▶ [What the task requires] The line containing "Feuerwehrauto vor einem", and every line after it to the end of the listing, should be repeated exactly; the pictures should not.

▶ [Collected material]
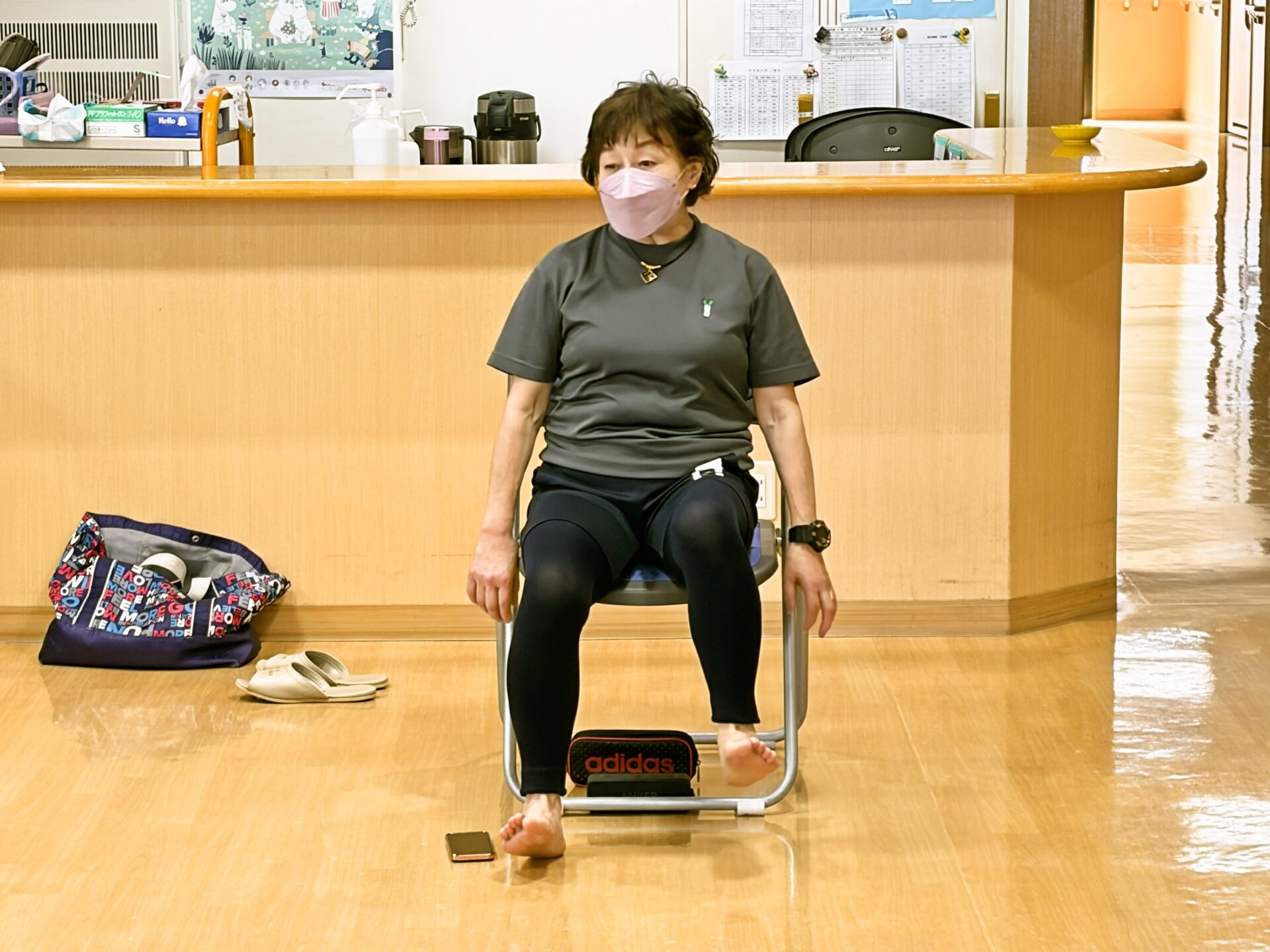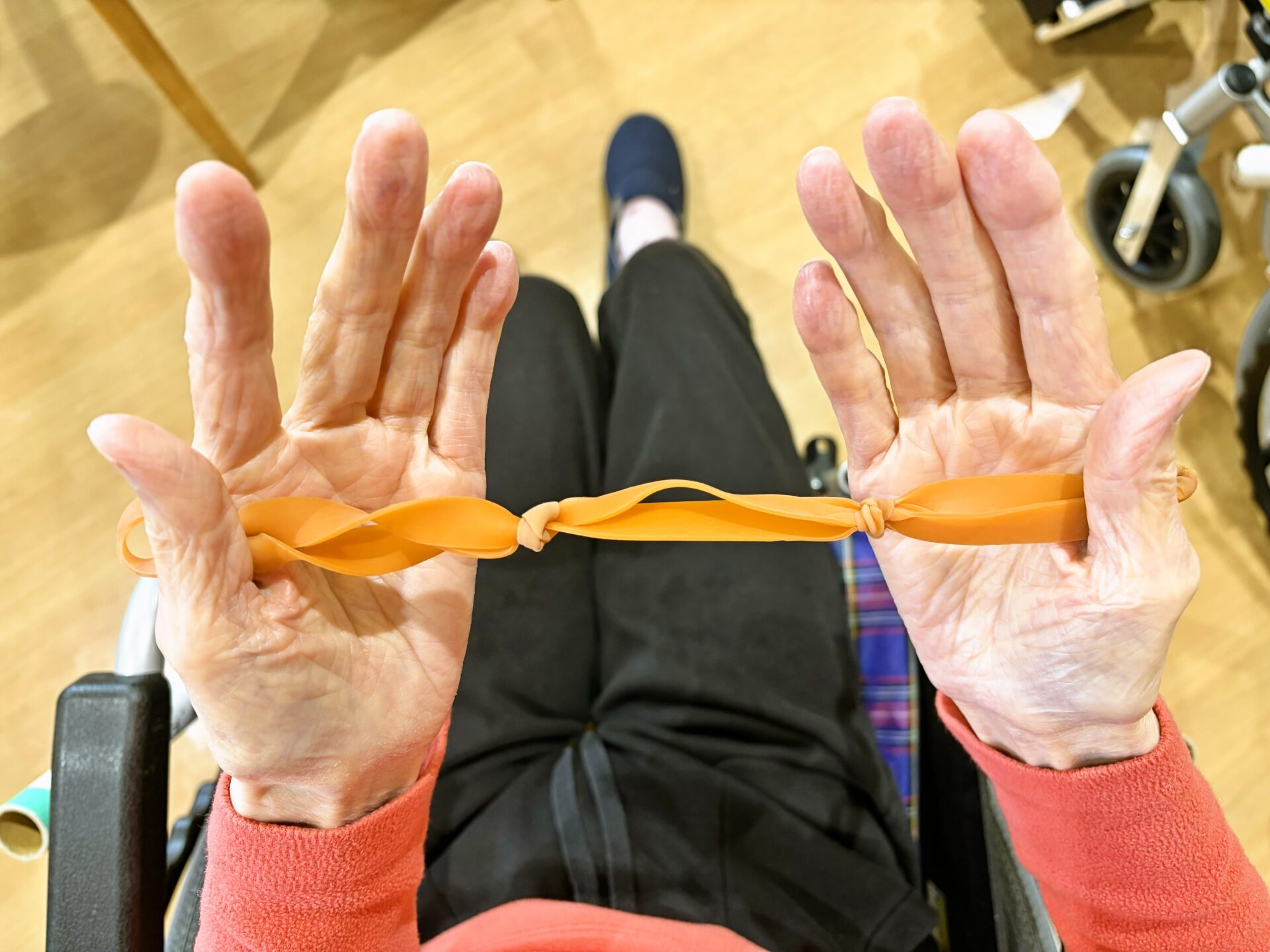 今日はゴム紐も使って全身運動をしていただきました。
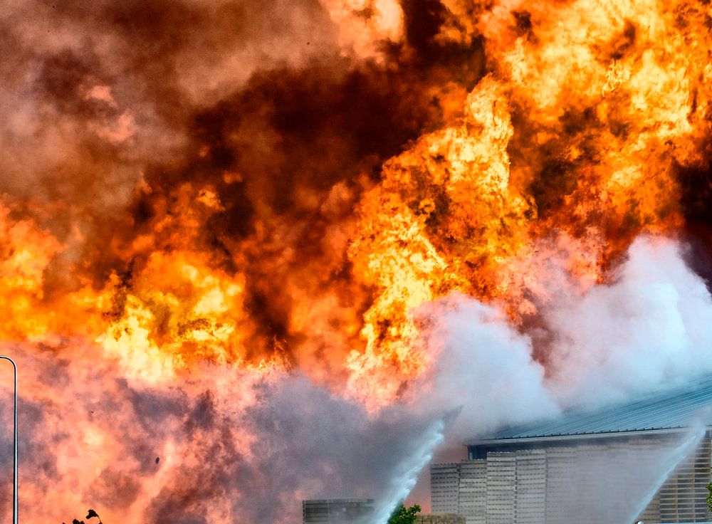 Feuerwehrauto vor einem Brand in einem Industriegebiet mit riesigen Flammen im Hintergrund.
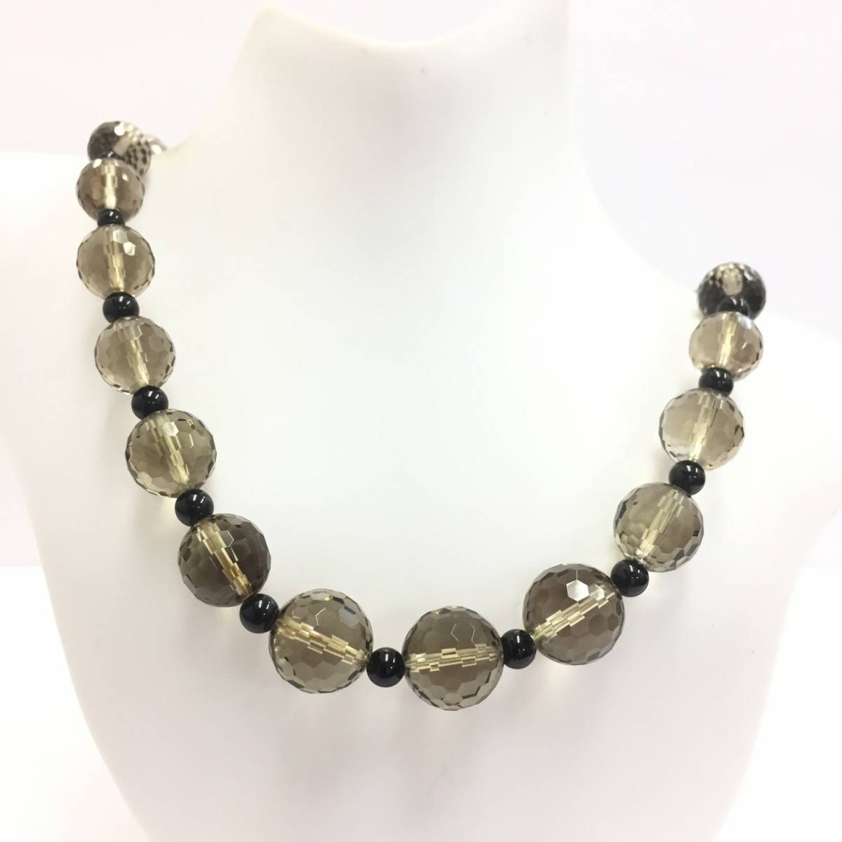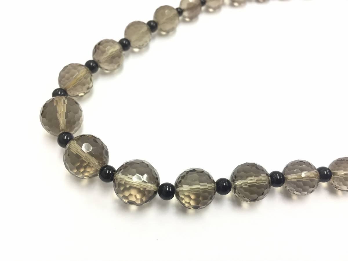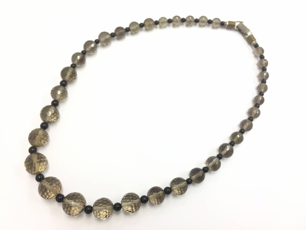 【ネックレス】約34cm スモーキークオーツのような色合い 1連 落ち着いた色合 オシャレ 数珠タイプ 上品
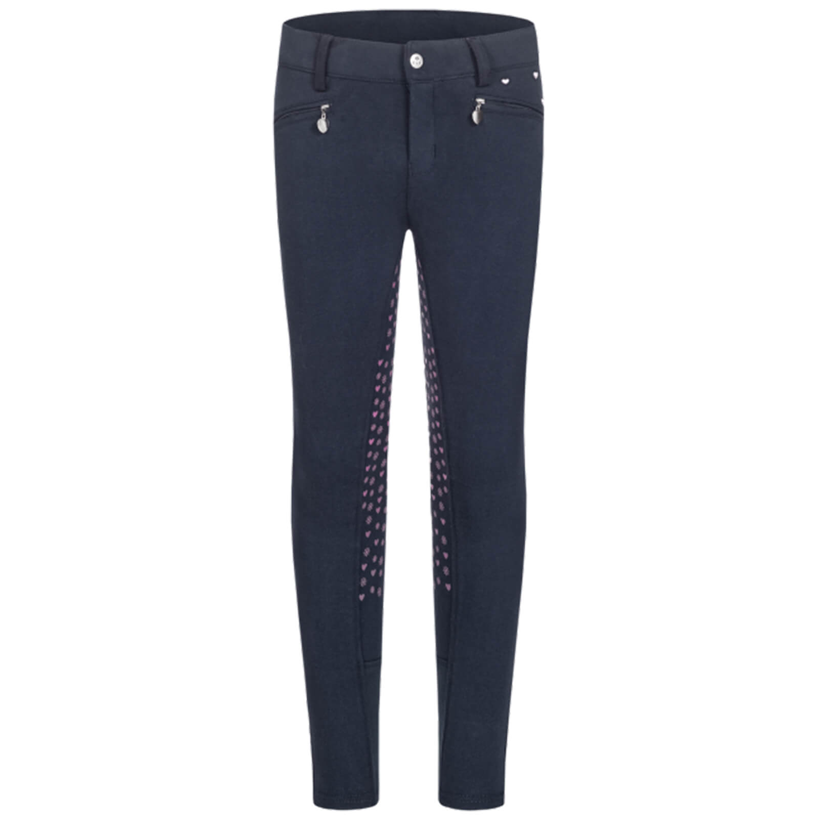 Das visuelle Highlight der Thermoreithose Kinder Lucky Gisa ist der dekorative Schneeflocken-Herzchen Print, der dem Silikonvollbesatz einen besonderen Look verleiht. Der nachtblaue Farbton harmoniert perfekt mit jeder Reitgarderobe und die Stickerei über der Reißverschlusstasche sorgt für zusätzliche Raffinesse. Die Gürtelschlaufen erlauben eine individuelle Anpassung und unterstreichen den sportlichen Look.

▶ [Solution to the problem]
 Feuerwehrauto vor einem Brand in einem Industriegebiet mit riesigen Flammen im Hintergrund.
 【ネックレス】約34cm スモーキークオーツのような色合い 1連 落ち着いた色合 オシャレ 数珠タイプ 上品
 Das visuelle Highlight der Thermoreithose Kinder Lucky Gisa ist der dekorative Schneeflocken-Herzchen Print, der dem Silikonvollbesatz einen besonderen Look verleiht. Der nachtblaue Farbton harmoniert perfekt mit jeder Reitgarderobe und die Stickerei über der Reißverschlusstasche sorgt für zusätzliche Raffinesse. Die Gürtelschlaufen erlauben eine individuelle Anpassung und unterstreichen den sportlichen Look.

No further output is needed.